EXERCISE INSTRUCTIONS: In the records below, find the line with "Пластиковые коробки на", then retype it and every following line exactly, stopping after the line with "カレンダーに青字で表示した日時でしたらスタッフ二人が揃っています。". Leave the pictures out.

DATA TO EXAMINE:
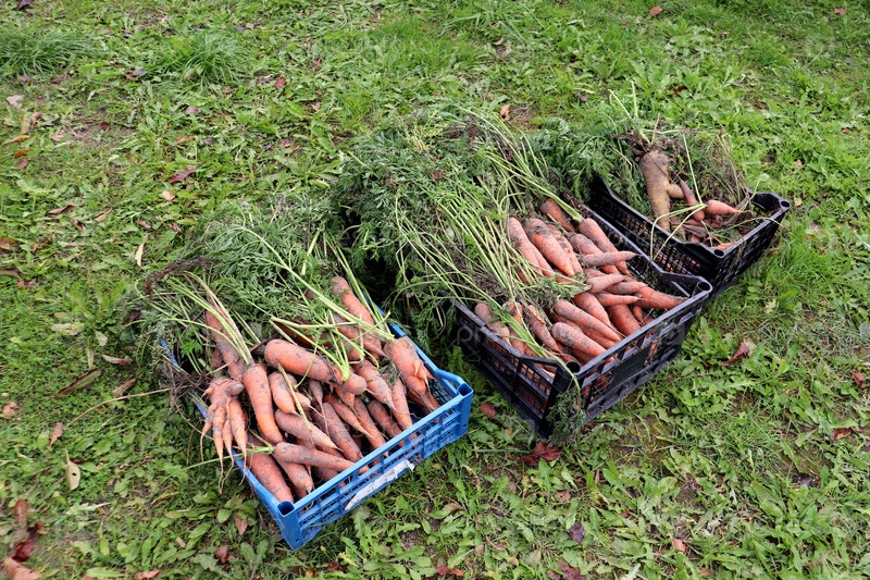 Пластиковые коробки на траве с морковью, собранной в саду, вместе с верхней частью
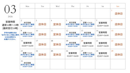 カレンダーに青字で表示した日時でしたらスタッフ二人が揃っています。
* * *
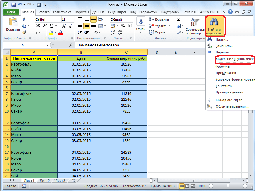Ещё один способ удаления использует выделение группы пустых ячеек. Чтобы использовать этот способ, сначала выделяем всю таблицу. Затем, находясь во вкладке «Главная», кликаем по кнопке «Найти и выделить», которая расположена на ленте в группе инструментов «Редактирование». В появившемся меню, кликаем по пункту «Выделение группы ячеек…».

ANSWER FOR THIS EXERCISE:
 Пластиковые коробки на траве с морковью, собранной в саду, вместе с верхней частью
 カレンダーに青字で表示した日時でしたらスタッフ二人が揃っています。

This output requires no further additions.